Abdel H. Salam - One of the best experts on this subject based on the ideXlab platform.

  • Scheduling-Capable Autonomic Manager for Policy Based IT Change Management System
    2008 12th International IEEE Enterprise Distributed Object Computing Conference, 2008
    Co-Authors: Abdel H. Salam, K. Maly, R. Mukkamala, M. Zubair, David Kaminsky
    Abstract:

    Managing large IT environments consisting of thousands of computers, routers, switches, and printers from different vendors is expensive and labor intensive. A typical piece of equipment goes through several planned and unplanned software and hardware upgrades. Maintaining and upgrading with minimal disruption and administrative support is a challenging task. One problem faced by IT administrators, in this change management process, is to arrive at a schedule for applying one or more change requests to the IT infrastructure. In this paper, the focus is on the problem of scheduling the change requests in the presence of organizational policies governing the use, access and availability of the IT infrastructure, we provide two approaches to scheduling and describe an implementation of a scheduler which shows the feasibility of our approach. The implementation is integrated with an Autonomic Manager described in earlier papers [1].

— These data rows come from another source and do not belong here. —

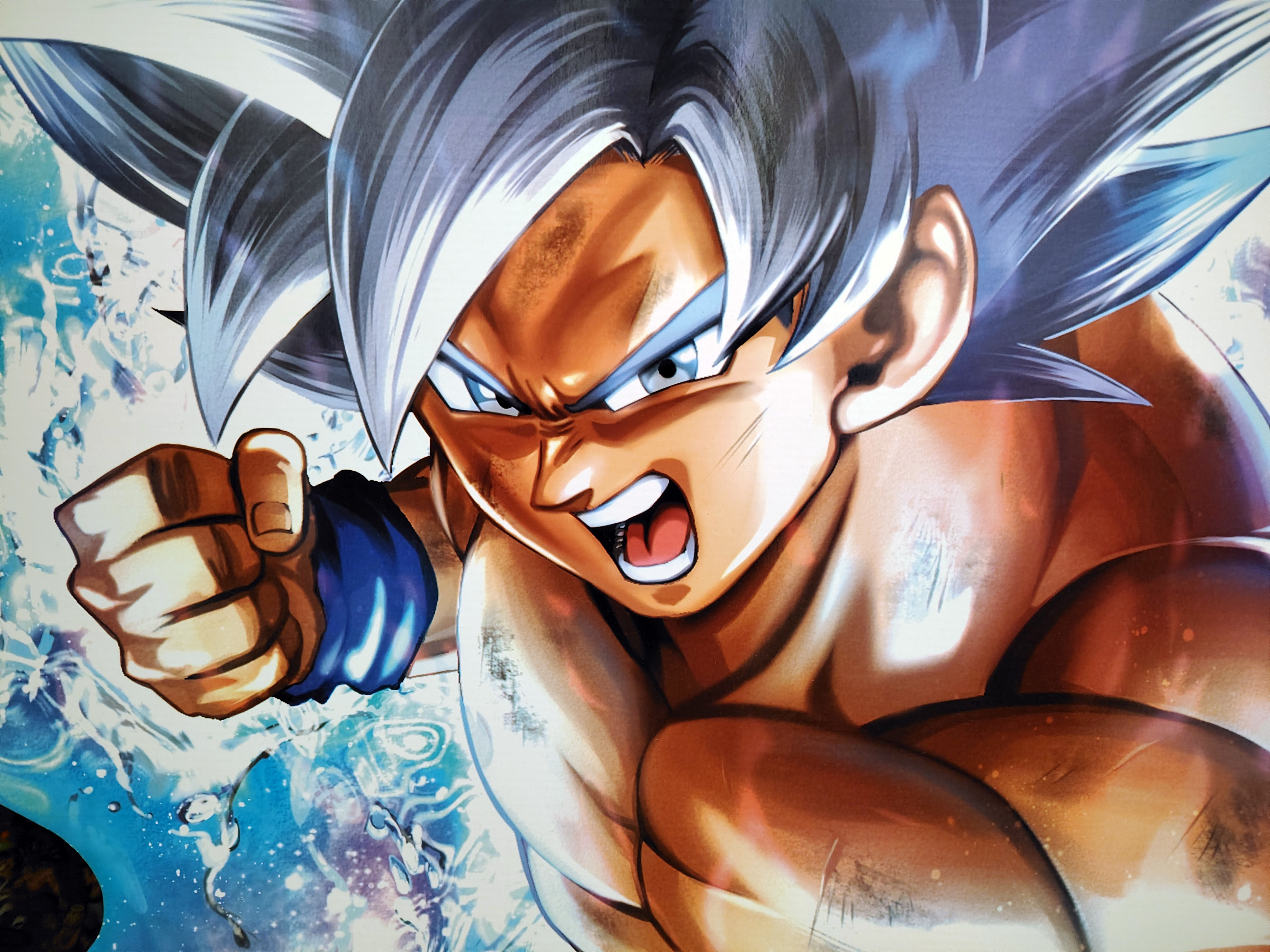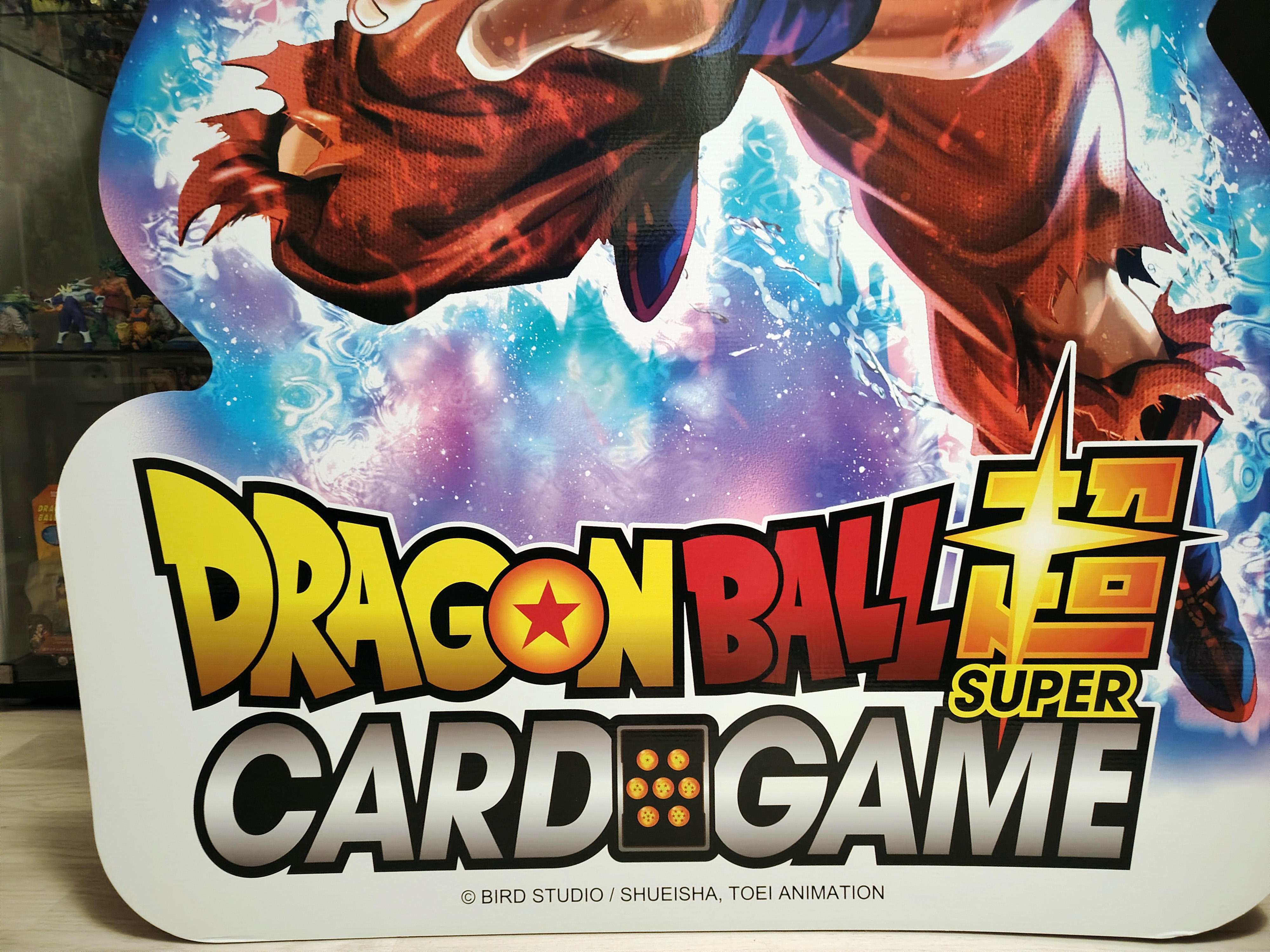 Standing promotionnel (PLV) Dragon Ball Super Card Game représentant Goku Ultra Instinct et mesurant 157 cm de haut et 90 cm de large. Sorti en 2019.
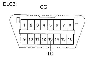 С помощью SST (09843-18040 ) соедините контакты CG (4-ый контакт) и TС (13-ый контакт) разъема DLC3.
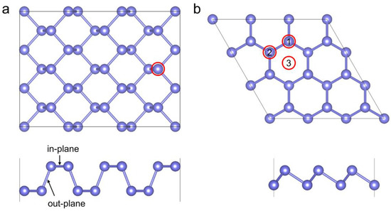 Atomic configurations of all group-VA 2D monolayers. (a) α and (b) β phase. Red circles represent the different adsorption sites for Cl atoms. Top panel—top view; bottom panel—side view.
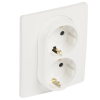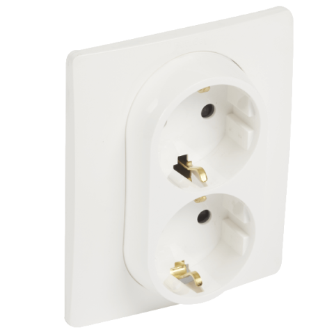 Földelt csatlakozóaljzat dupla kivitel, gyermekvédelemmel. Monoblock, kerettel egybeépített burkolat. Felszerelés egyes szerelődobozba, szimpla dugaszolóaljzat helyére építhető. Csavaros rögzítés.
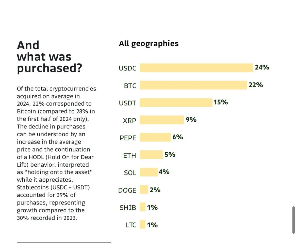 However, in terms of portfolio ratios, Bitcoin remains the most dominant at 49%. However, this is a decrease from last year's 57%, seemingly influenced by the rise of meme coins and altcoins, and stablecoins. In fact, the most purchased cryptocurrency by users this year has shifted to Circle's USDC (24%), with Tether USDT following at 15%.
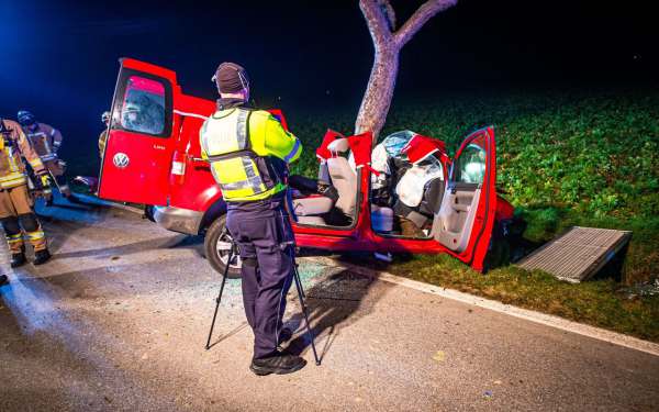 Der Fahrer wurde durch den Verkehrsunfall schwer verletzt. Ein sofort alarmierter Rettungshubschrauber konnte den Flug zur Unfallstelle abbrechen.
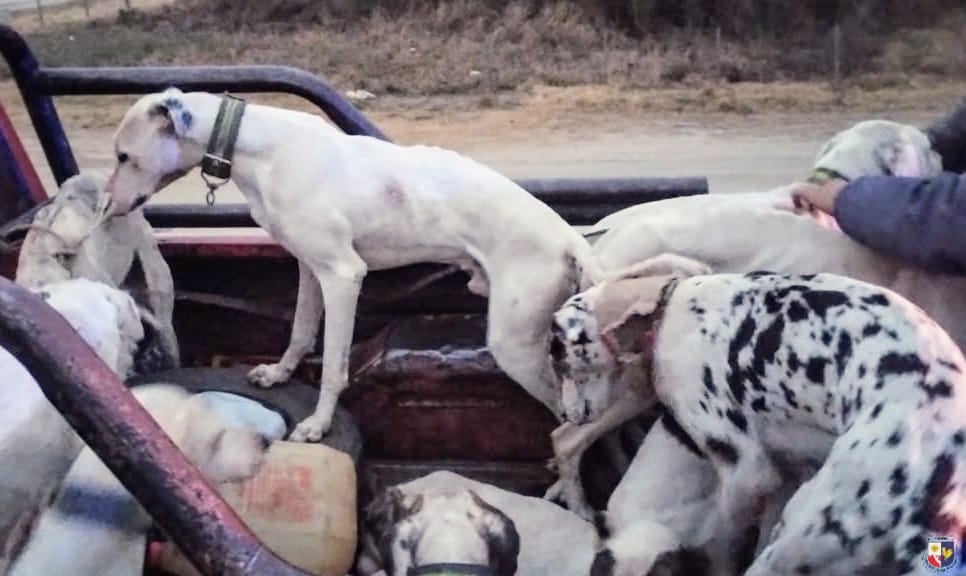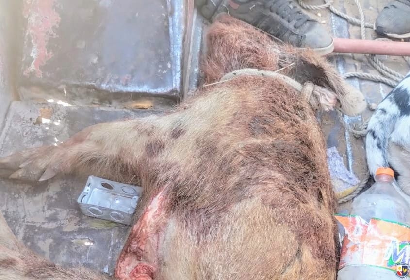 Los uniformados detuvieron la marcha de una camioneta Ford F-100, en la que viajaban seis adultos y dos menores de 12 y 15 años. Durante la requisa, se constató que transportaban diez perros mestizos, utilizados habitualmente para caza mayor, y un jabalí sin vida y eviscerado, que fue decomisado.
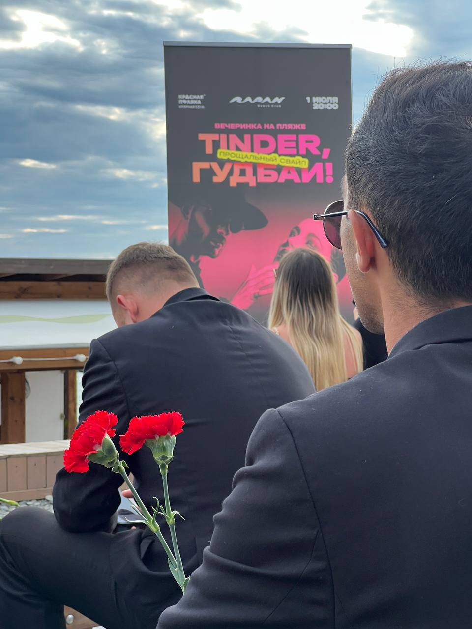 На прощальной церемонии, ставшей анонсом вечеринки, несколько десятков молодых людей в черной одежде вышли на набережную пляжа «Рапан» и зачитали истории - поделились личным опытом использования приложения для знакомств. Затем участники церемонии символически возложили по две красные гвоздики импровизированному надгробию, напоминающему экран смартфона. Крайне необычное прощание с Tinder привлекло внимание миллионов россиян: новость моментально попала в крупнейшие федеральные паблики.
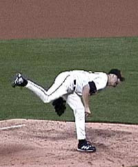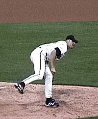 Compare this to Jason's leg. There is a long, almost lazy cross step forward and across his body with his back foot, the natural effect of the continuing momentum of his delivery. Unlike Pete, who takes this step as part of a movement pattern forward, the step for the pitcher is a natural consequence of the delivery. For the tennis player, stepping through the motion in any way that approximates the pitch is a technical kiss of death.
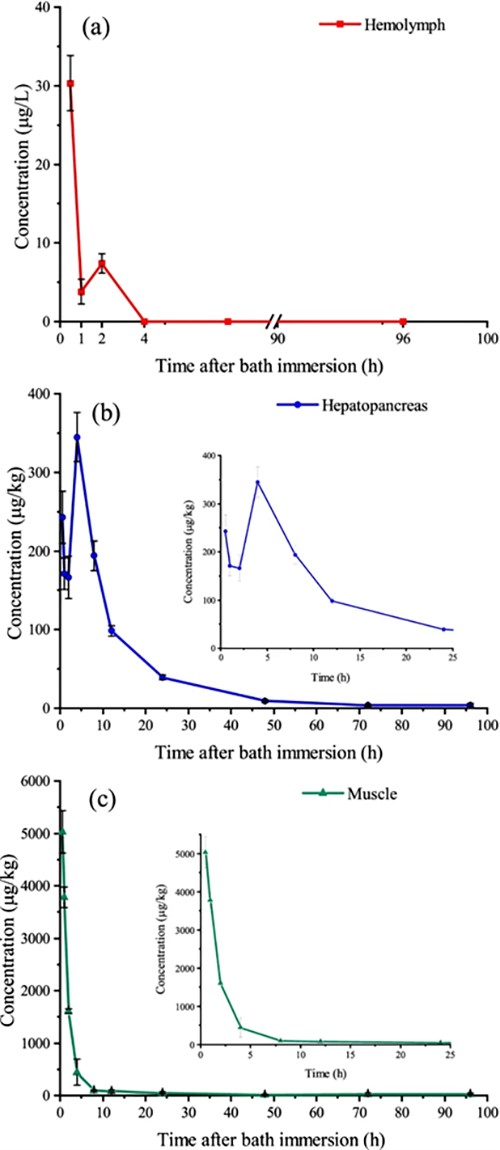 Để mô phỏng quá trình xử lý và vận chuyển, các nghiệm thức ngắn hạn và dài hạn được kết hợp trong bể ngâm liên tục. Giá trị nồng độ tối đa (Cmax, một phép đo tiêu chuẩn trong dược động học, là nồng độ tối đa trong huyết tương mà thuốc đạt được trong một bộ phận cụ thể sau khi dùng thuốc và trước khi dùng liều thứ hai) của eugenol lần lượt là là 50,0 μg/L, 413,1 μg/kg và 7623,0 μg/ g trong hemolymph, gan tụy và cơ. Điều này cho thấy rằng eugenol tích tụ trong hemolymph, gan tụy và cơ. So với nồng độ tối đa khi dùng một liều, các giá trị cao hơn có thể được quan sát thấy khi dùng nhiều liều đối với một số loại thuốc. Theo báo cáo của nhiều nghiên cứu khác, hầu hết các loại thuốc đều có xu hướng tích tụ trong hemolymph, gan tụy và cơ của tôm.
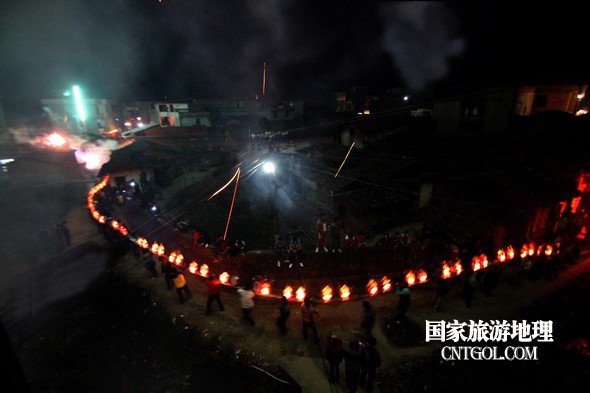 2月18日入夜,春雨霏霏。在光裕堂祖祠祭龍頭畢,鄒姓村民紛紛肩抬慶燈到祖祠接成220多米長(zhǎng)的“龍”身。三聲銃響,游龍時(shí)而在村間慢悠游弋,時(shí)而在村道滯拔狂走,火紅的燭光伴著霏霏春雨,讓慶燈“龍”絢麗多姿,展示了“紙包火”的奇跡。 游“龍”所經(jīng)之處,鞭炮和禮花聲不絕于耳,祈求五谷豐登、吉祥如意。街巷人山人海,熱鬧非凡,一派花燈游龍慶豐收狂歡鬧元宵盛況。 吸引了海內(nèi)外游客及四鄰八鄉(xiāng)的萬余群眾紛紛前往觀看。
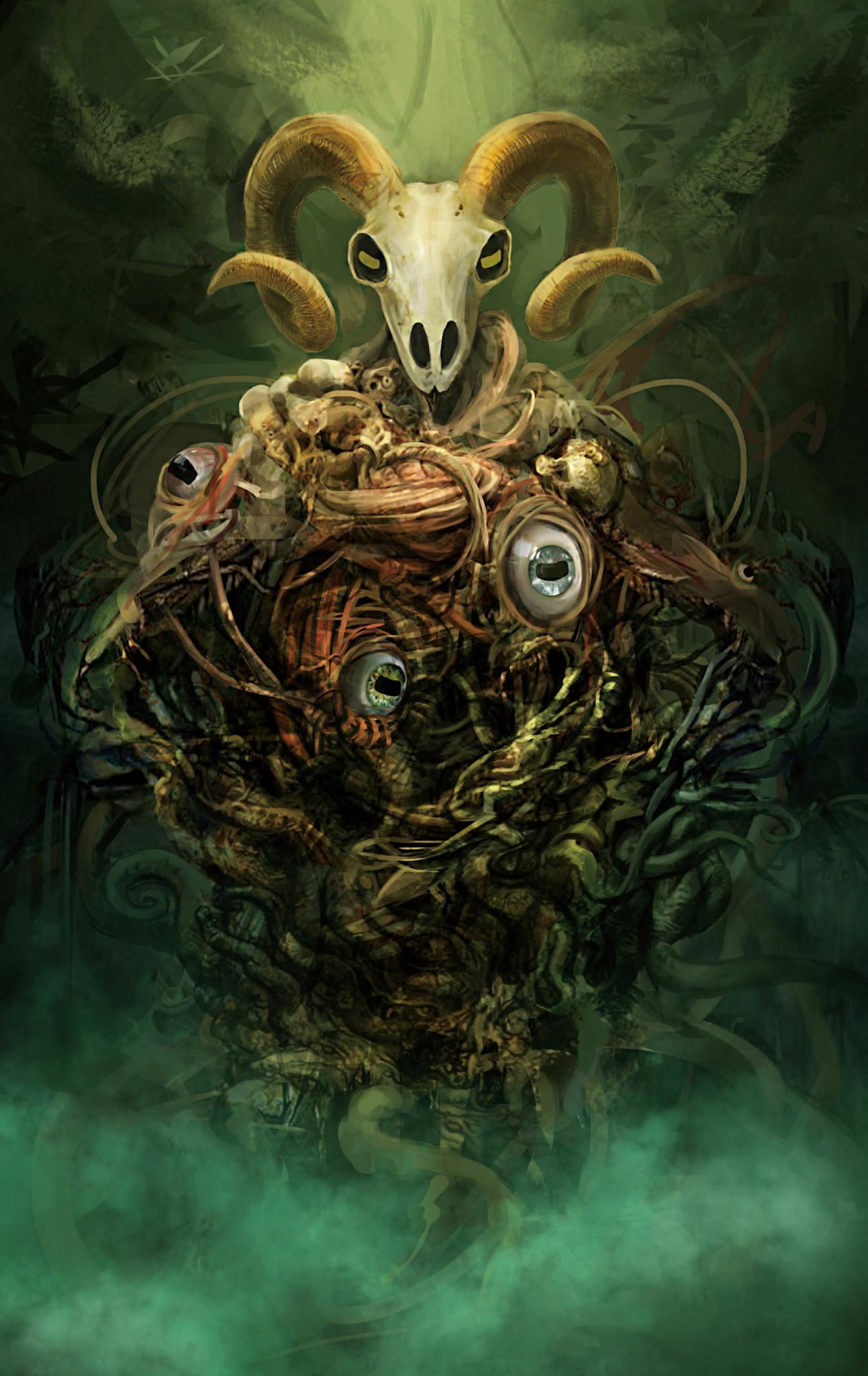 关于莎布-尼古拉斯的具体形象,洛夫克拉夫特仅在信中提过一句“云雾般的存在”。在此基础上,根据丰饶神、生育、山羊等特征,它的形象定型为巨大的黑色云雾状物体,躯体上生着许多长满利齿的大口,还有很多不断伸缩的羊蹄和触手。或许是因为作者在《丘》中称它是“更加复杂的阿斯塔特”,莎布-尼古拉斯被认为是与丰饶、生育等概念有关的神明,可以说是最有普通宗教神明意味的外神。因此,它经常被赋予女性特征,但亚威隆尼的魔法师阿兹达莱克曾经提到一个男性化的称谓——拥有万千配偶的公山羊。《水神克塔亚特》声称外神同时拥有两种性别,但给神明赋予人类概念中的性别属性无疑是愚蠢的。
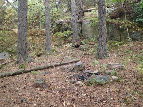 Mitt mål var nu ”Västra skogen”, en helt vanlig micro-burk under en rot i skogen. Det tog en liten stund att hitta rätt rot, men när jag hittade platsen för lägerelden som cachebeskrivningen talar om förstod jag att det var rätt även om min gps inte höll med om den saken!
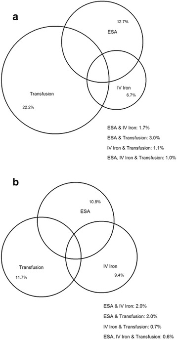 Methods: We evaluated anemia prevalence and treatment using two datasets: the Medicare 20% random sample (ages 66-85 years), and the Truven Health MarketScan database (ages 18-63 years). We selected stage 3-5 NDD-CKD patients with and without anemia from both databases during 2011-2013. We evaluated anemia prevalence and treatment (erythropoietin stimulating agents [ESAs], intravenous [IV] iron, red blood cell [RBC] transfusions) following anemia diagnosis during a 1-year baseline period, and healthcare utilization during a 1-year follow-up period. We used Poisson regression models to compare healthcare utilization in patients with and without anemia, adjusting for demographics, baseline comorbid conditions, inflammatory conditions, and CKD stage.
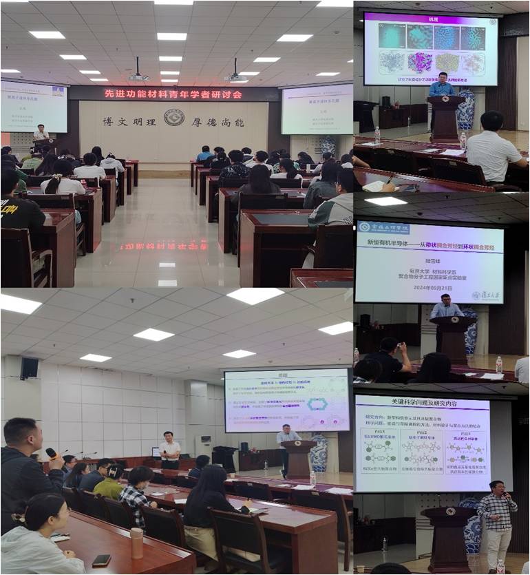 报告会上,王鸿以《聚离子液体多孔膜》为题,介绍了简易、高效制备聚离子液体多孔膜的新策略——“真空炭化”策略,指出通过利用该策略可实现高度石墨化的氮掺杂多孔碳膜的宏量制备,并为实现聚离子液体孔径和性能的调控提供了可靠的研究方法。陆雪峰以《新型有机半导体—从带状稠合芳烃到环状稠合芳烃》为题,介绍了构建新型高载流子传输性能的新稠合方法,以及新稠环体系、D–A型环状稠合芳烃半导体和强阴离子受体材料的设计理念,为环状稠合芳烃半导体材料的设计提供了新思路。邓云峰以《茚满二酮封端醌式化合物及其共轭聚合物的合成与应用》为题,介绍了基于Wittig或Wittig-Horne反应/内酯重排反应和钯催化偶联反应/空气氧化反应,构建系列茚满二酮封端醌式共轭体系的方法,以及采用C-H/C-Br和C-H/C-H直接芳基化缩聚合成高性能的共轭聚合物的策略,为n型有机/聚合物半导体材料的构筑提供了可靠方法。三位报告人现场回答了师生提出的问题,并进行了良好的互动交流和讨论。
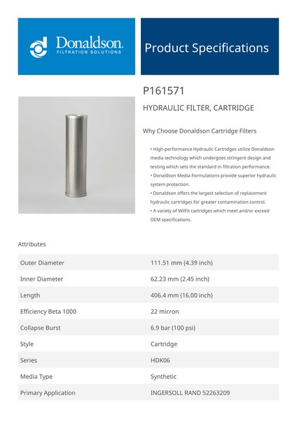 Genuine Donaldson P161571 Hydraulic Filter, Cartridge is designed to provide superior protection for your hydraulic system, effectively capturing contaminants to ensure clean fluid circulation. With high-quality filtration media, it extends equipment life, improves operational efficiency, and maintains fluid cleanliness even in the most demanding environments.
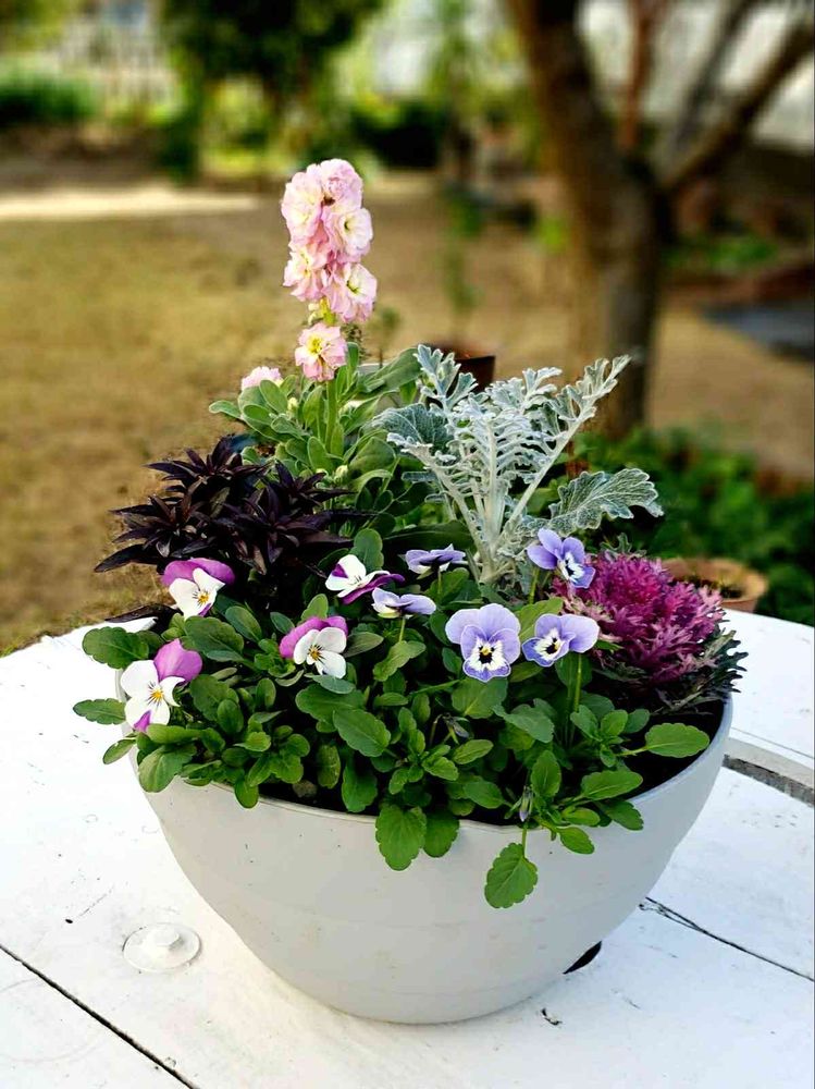寄せ植えしたビオラの花数が増えてきました。😄🎶

  • Infrastructure-Aware Autonomic Manager for Change Management
    Eighth IEEE International Workshop on Policies for Distributed Systems and Networks (POLICY'07), 2007
    Co-Authors: Abdel H. Salam, K. Maly, R. Mukkamala, M. Zubair
    Abstract:

    Typical IT environments of medium to large size organizations consist of tens of networks that connect hundreds of servers to support the running of a large variety of business-relevant applications; usually from different vendors. Change management is an important management processes that, if automated, can have a direct impact on increasing service availability in IT environments. Although such automation is considered important, the requirements of the appropriate policy engine, and policy language to express both high level and low level policies are far from clear. In this paper, we report our experiences in addressing these problems. In particular, we concentrate on availability policies - policies through which IT Managers express the required availability of systems - and the Autonomic Manager that enforces them.